With the pictures left out, retype exactly the lines below starting at the line that contains "Executive Windrowe Mesh" and ending at the line that contains "(왼) 레어로우, (중, 우)".

__EXERCISE MATERIAL__
--- START ---

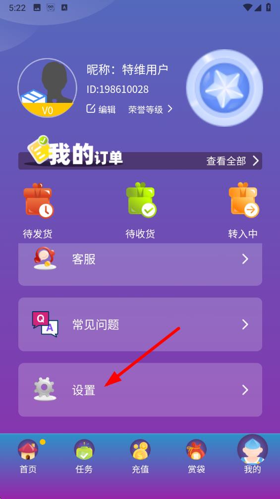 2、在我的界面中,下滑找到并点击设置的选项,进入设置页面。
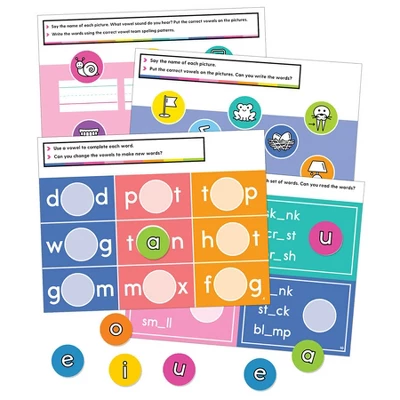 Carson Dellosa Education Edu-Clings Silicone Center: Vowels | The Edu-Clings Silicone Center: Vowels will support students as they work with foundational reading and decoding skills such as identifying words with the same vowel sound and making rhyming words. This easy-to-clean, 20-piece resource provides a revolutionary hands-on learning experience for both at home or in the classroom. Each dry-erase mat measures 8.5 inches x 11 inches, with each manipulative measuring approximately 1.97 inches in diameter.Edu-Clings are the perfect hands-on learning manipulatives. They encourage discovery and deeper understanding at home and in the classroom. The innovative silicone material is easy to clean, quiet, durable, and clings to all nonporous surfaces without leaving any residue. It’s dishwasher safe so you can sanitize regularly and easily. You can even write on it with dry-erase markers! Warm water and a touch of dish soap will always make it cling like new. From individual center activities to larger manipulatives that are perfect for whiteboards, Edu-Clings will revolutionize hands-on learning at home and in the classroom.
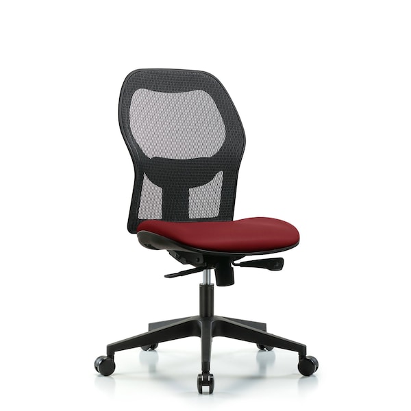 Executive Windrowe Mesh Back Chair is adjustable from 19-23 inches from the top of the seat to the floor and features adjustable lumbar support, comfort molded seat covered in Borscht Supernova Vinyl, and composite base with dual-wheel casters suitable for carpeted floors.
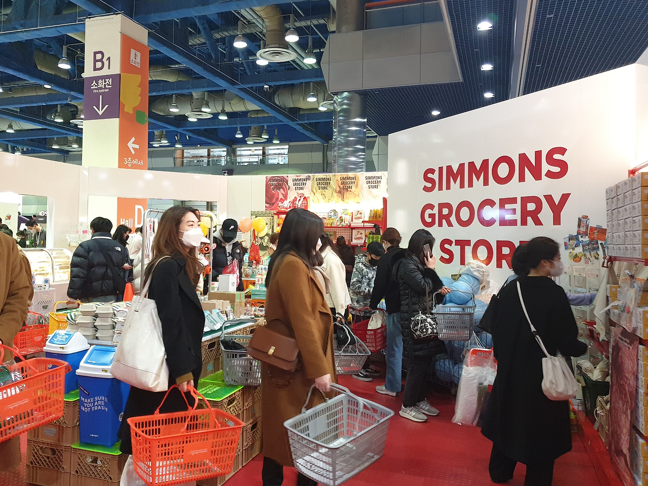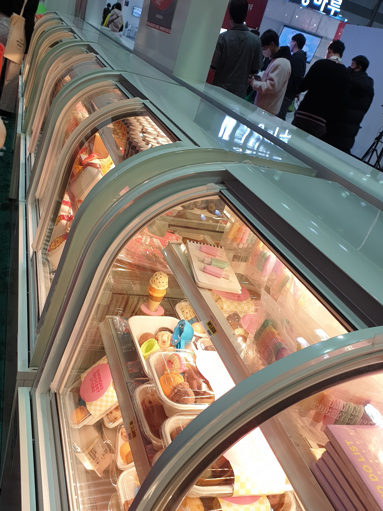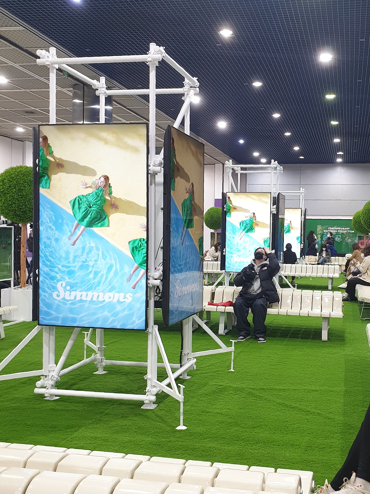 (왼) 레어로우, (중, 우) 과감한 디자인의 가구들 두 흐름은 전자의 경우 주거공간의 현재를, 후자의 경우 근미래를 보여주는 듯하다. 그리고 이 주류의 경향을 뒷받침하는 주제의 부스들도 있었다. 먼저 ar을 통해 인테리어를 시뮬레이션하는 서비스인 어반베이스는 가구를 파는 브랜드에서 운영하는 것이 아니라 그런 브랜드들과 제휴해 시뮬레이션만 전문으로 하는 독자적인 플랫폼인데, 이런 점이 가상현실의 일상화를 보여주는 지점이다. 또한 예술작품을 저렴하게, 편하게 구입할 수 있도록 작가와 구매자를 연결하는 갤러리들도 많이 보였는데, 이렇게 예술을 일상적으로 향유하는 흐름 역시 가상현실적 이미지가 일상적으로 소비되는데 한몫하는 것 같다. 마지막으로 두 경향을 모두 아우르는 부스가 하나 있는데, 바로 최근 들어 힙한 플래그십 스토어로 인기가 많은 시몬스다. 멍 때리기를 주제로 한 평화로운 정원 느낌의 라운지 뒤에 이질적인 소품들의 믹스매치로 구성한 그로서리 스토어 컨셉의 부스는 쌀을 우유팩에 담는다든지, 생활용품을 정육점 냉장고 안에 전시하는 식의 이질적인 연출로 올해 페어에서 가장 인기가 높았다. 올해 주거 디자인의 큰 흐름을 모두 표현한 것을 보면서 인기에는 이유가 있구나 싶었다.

--- END ---
--- START ---

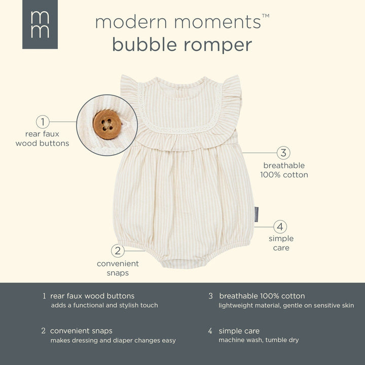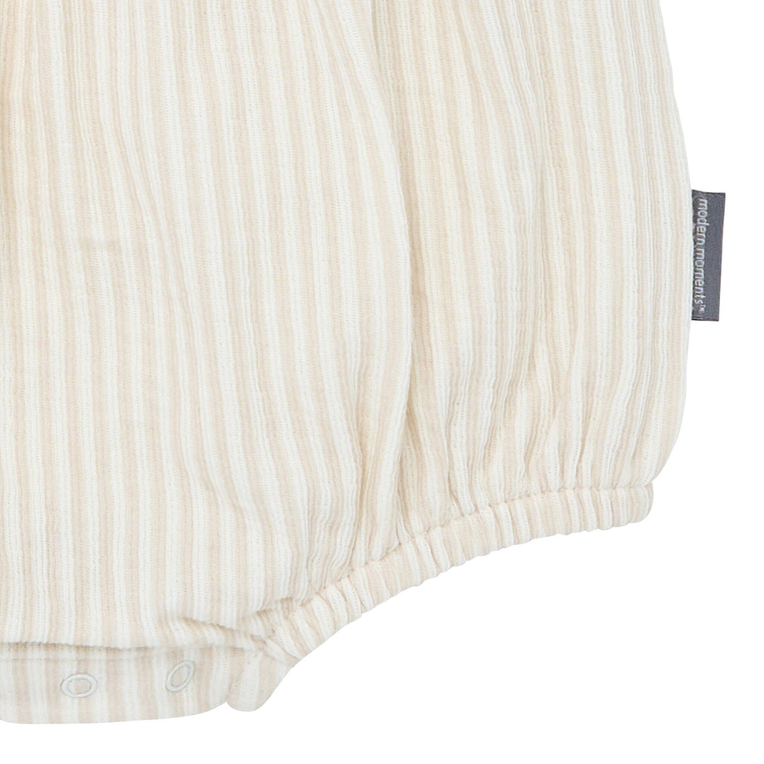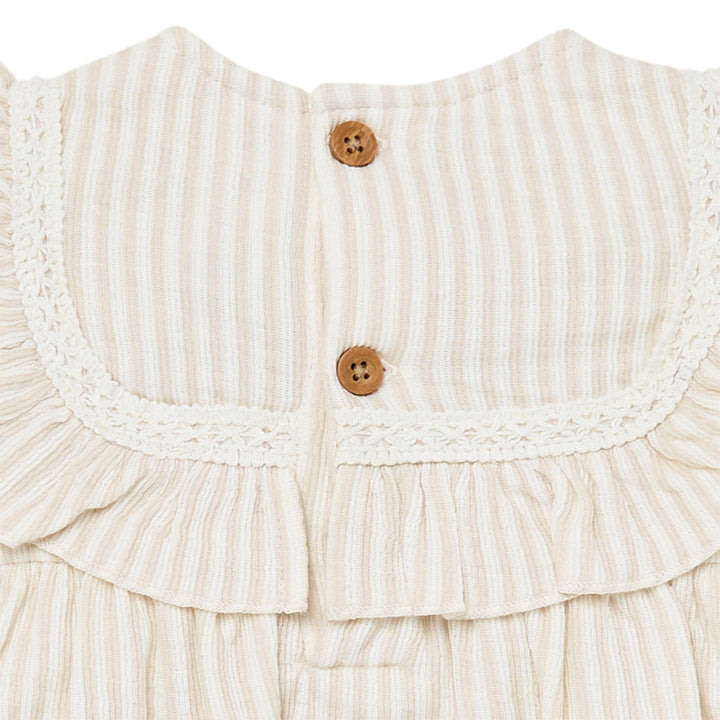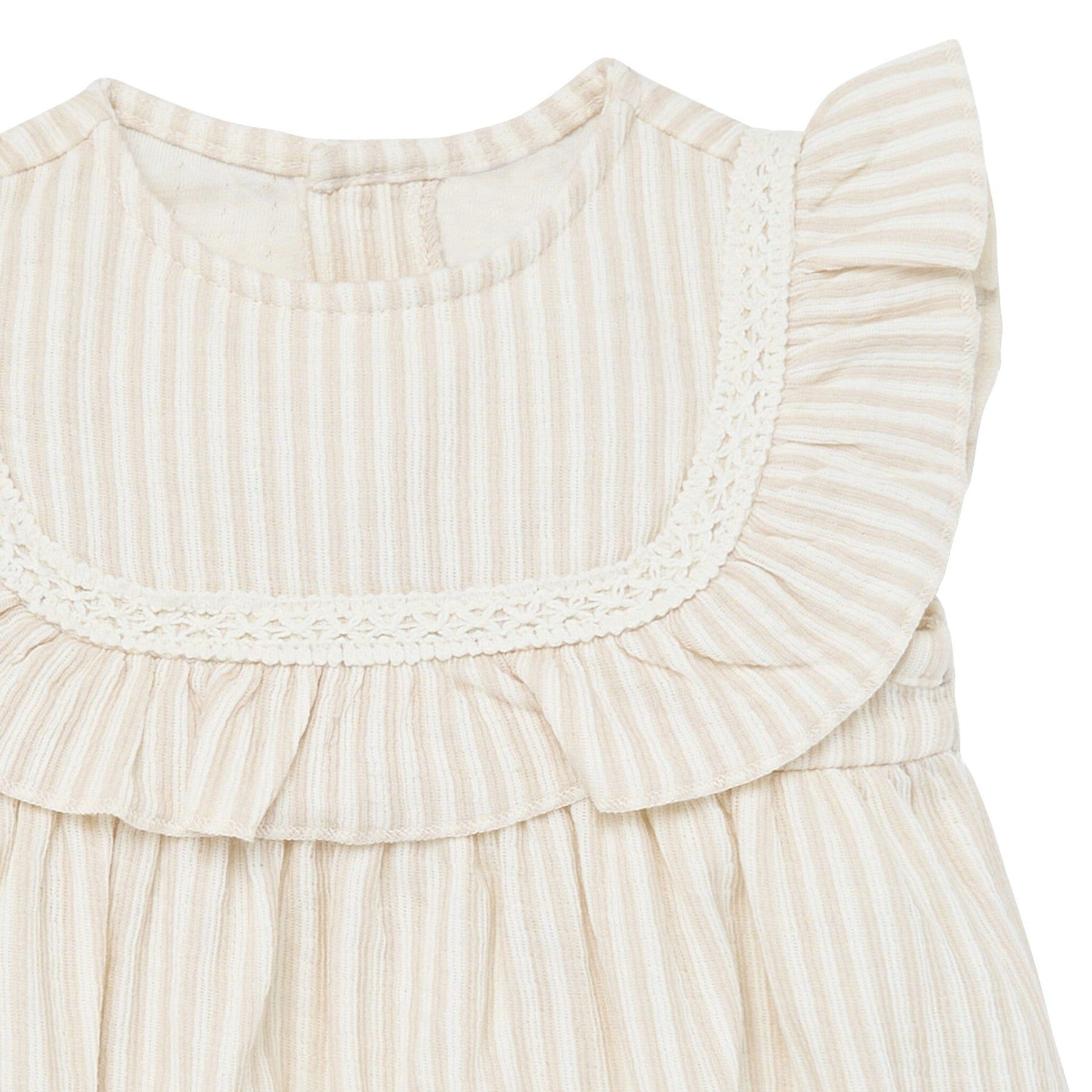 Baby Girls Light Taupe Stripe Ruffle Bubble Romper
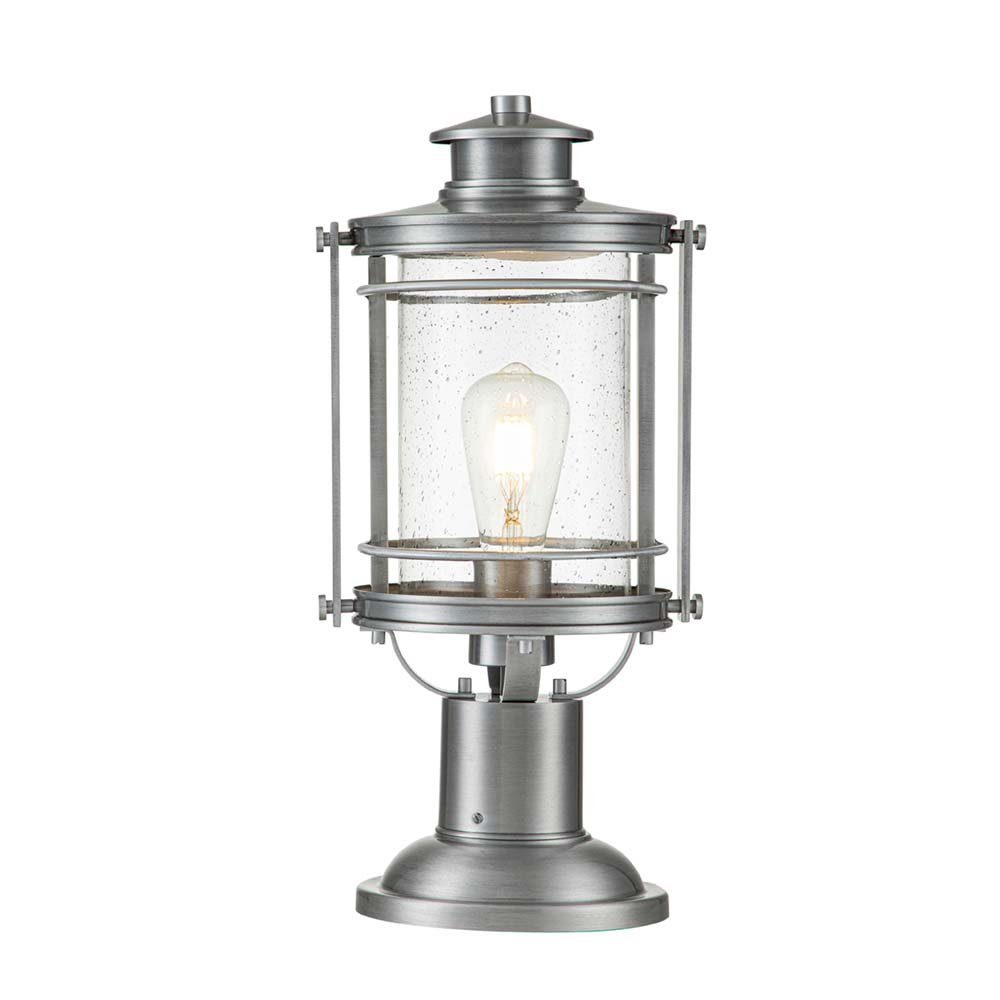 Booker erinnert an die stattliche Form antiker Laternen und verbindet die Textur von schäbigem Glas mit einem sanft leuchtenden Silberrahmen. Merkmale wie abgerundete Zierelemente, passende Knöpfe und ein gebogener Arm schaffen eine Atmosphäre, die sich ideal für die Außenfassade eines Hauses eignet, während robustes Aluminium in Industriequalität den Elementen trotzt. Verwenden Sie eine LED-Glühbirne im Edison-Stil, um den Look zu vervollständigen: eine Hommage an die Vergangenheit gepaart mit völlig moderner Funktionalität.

--- END ---
--- START ---

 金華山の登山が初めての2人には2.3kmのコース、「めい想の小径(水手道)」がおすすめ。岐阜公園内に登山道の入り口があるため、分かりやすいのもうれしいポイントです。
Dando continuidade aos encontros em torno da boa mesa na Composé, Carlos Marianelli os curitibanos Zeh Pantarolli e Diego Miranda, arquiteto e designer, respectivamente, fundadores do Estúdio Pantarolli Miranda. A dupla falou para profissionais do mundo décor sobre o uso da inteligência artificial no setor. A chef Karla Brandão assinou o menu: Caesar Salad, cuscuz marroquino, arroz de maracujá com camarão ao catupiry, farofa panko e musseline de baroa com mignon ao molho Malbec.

--- END ---

__YOUR SOLUTION__
 Executive Windrowe Mesh Back Chair is adjustable from 19-23 inches from the top of the seat to the floor and features adjustable lumbar support, comfort molded seat covered in Borscht Supernova Vinyl, and composite base with dual-wheel casters suitable for carpeted floors.
 (왼) 레어로우, (중, 우) 과감한 디자인의 가구들 두 흐름은 전자의 경우 주거공간의 현재를, 후자의 경우 근미래를 보여주는 듯하다. 그리고 이 주류의 경향을 뒷받침하는 주제의 부스들도 있었다. 먼저 ar을 통해 인테리어를 시뮬레이션하는 서비스인 어반베이스는 가구를 파는 브랜드에서 운영하는 것이 아니라 그런 브랜드들과 제휴해 시뮬레이션만 전문으로 하는 독자적인 플랫폼인데, 이런 점이 가상현실의 일상화를 보여주는 지점이다. 또한 예술작품을 저렴하게, 편하게 구입할 수 있도록 작가와 구매자를 연결하는 갤러리들도 많이 보였는데, 이렇게 예술을 일상적으로 향유하는 흐름 역시 가상현실적 이미지가 일상적으로 소비되는데 한몫하는 것 같다. 마지막으로 두 경향을 모두 아우르는 부스가 하나 있는데, 바로 최근 들어 힙한 플래그십 스토어로 인기가 많은 시몬스다. 멍 때리기를 주제로 한 평화로운 정원 느낌의 라운지 뒤에 이질적인 소품들의 믹스매치로 구성한 그로서리 스토어 컨셉의 부스는 쌀을 우유팩에 담는다든지, 생활용품을 정육점 냉장고 안에 전시하는 식의 이질적인 연출로 올해 페어에서 가장 인기가 높았다. 올해 주거 디자인의 큰 흐름을 모두 표현한 것을 보면서 인기에는 이유가 있구나 싶었다.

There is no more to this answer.